Natürlich hat das nicht immer funktioniert. Mehrere Länder in der Region sind Pekings undurchsichtigen Kreditvergabepraktiken und wirtschaftlichen Zwangsmaßnahmen ausgeliefert: China ist für über 70 Prozent der Auslandsschulden Pakistans verantwortlich, für über zwei Drittel der Malediven und für über 50 Prozent der Auslandsschulden Sri Lankas. Sri Lankas Hafenprojekt Hambantota wurde zum Synonym für Chinas diplomatisches Narrativ der „Schuldenfalle“, nachdem Peking einen 99-jährigen Pachtvertrag für das Projekt erhielt, da Colombo seinen Zahlungsverpflichtungen nicht nachkommen konnte.
Ein möglicher Trost ist Indiens wachsende Bereitschaft, mit anderen Großmächten in der Region zusammenzuarbeiten. Im Gegensatz zu seiner Haltung während des Kalten Krieges, als Indien Südasien als seine exklusive Einflusssphäre betrachtete, ist Neu-Delhi heute offen für gleichgesinnte Staaten, die an Entwicklungsinitiativen in der Region arbeiten. Dies hat den Ländern in der Region eine Wahlmöglichkeit jenseits von Neu-Delhi und Peking gegeben, wie die Japan Finanzierung des ersten Tiefwasserhafens Bangladeschs; Vereinigte Staaten Bereitstellung eines Zuschusses zur Finanzierung von Stromübertragungs- und Transportprojekten in Nepal; und Europäische Investitionsbank Finanzierung von Transport- und erneuerbaren Energieprojekten in ganz Südasien.

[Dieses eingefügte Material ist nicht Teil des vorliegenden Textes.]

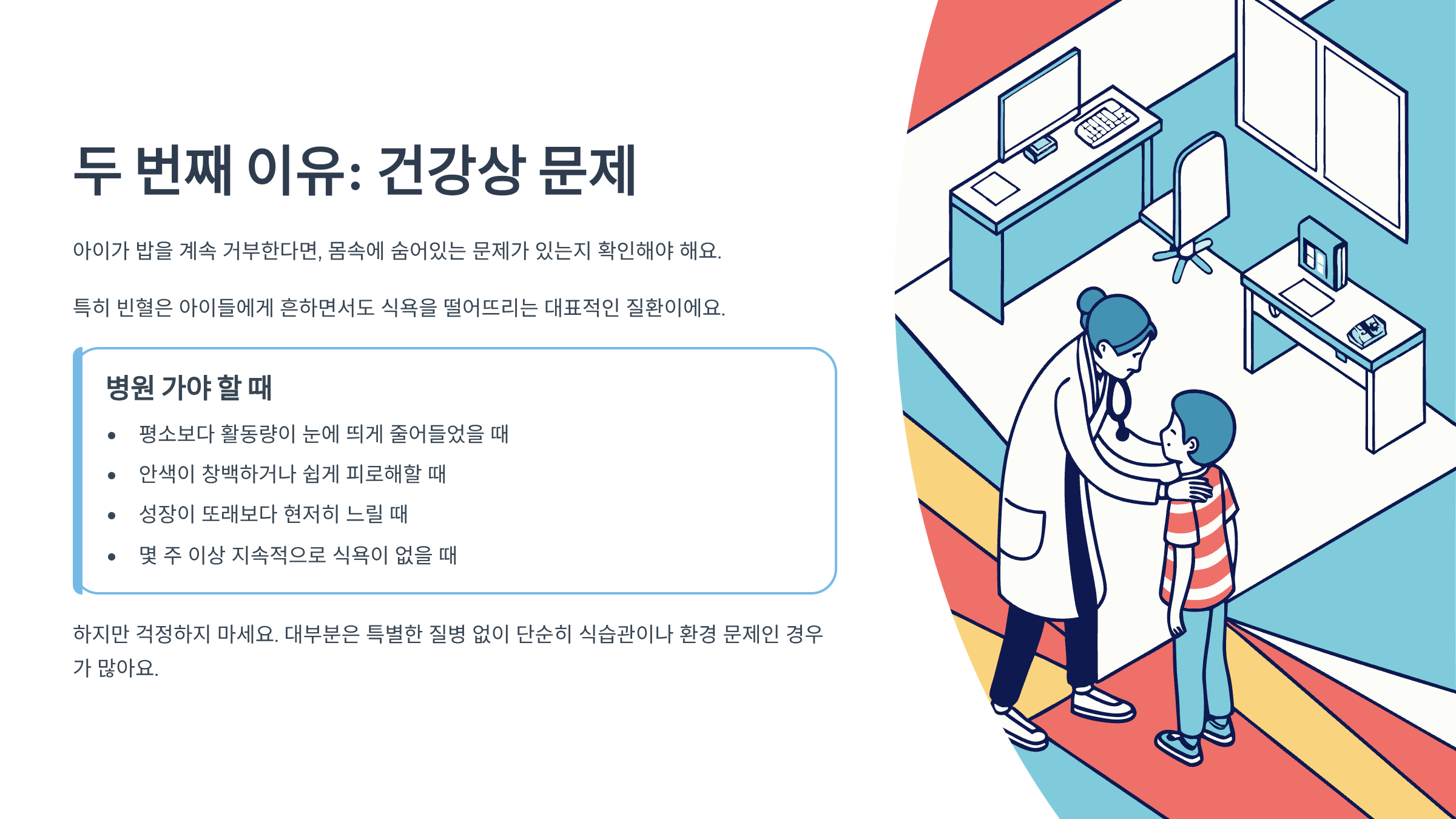 아이가 밥을 계속 거부한다면, 혹시 몸속에 숨어있는 문제가 있는지 확인해 봐야 해요. 특히 빈혈은 아이들에게 흔하면서도 식욕을 떨어뜨리는 대표적인 질환이거든요.

Kann Indien letztlich auch ohne die Region aufsteigen? Die Tatsache, dass zu seinen Nachbarn drei Länder gehören, die mit Rettungspaketen des IWF konfrontiert sind (Pakistan, Sri Lanka, Bangladesch), zwei Länder, die gescheiterte oder beinahe gescheiterte Staaten sind (Afghanistan, Myanmar) und zwei Atommächte, die aktive Grenzstreitigkeiten und chronisch schwierige Beziehungen zu Neu-Delhi unterhalten (China, Pakistan), lässt darauf schließen, dass dies nicht der Fall ist. Indien wird sein regionales Engagement erneuern müssen, wenn es seine globalen Ambitionen erfüllen will.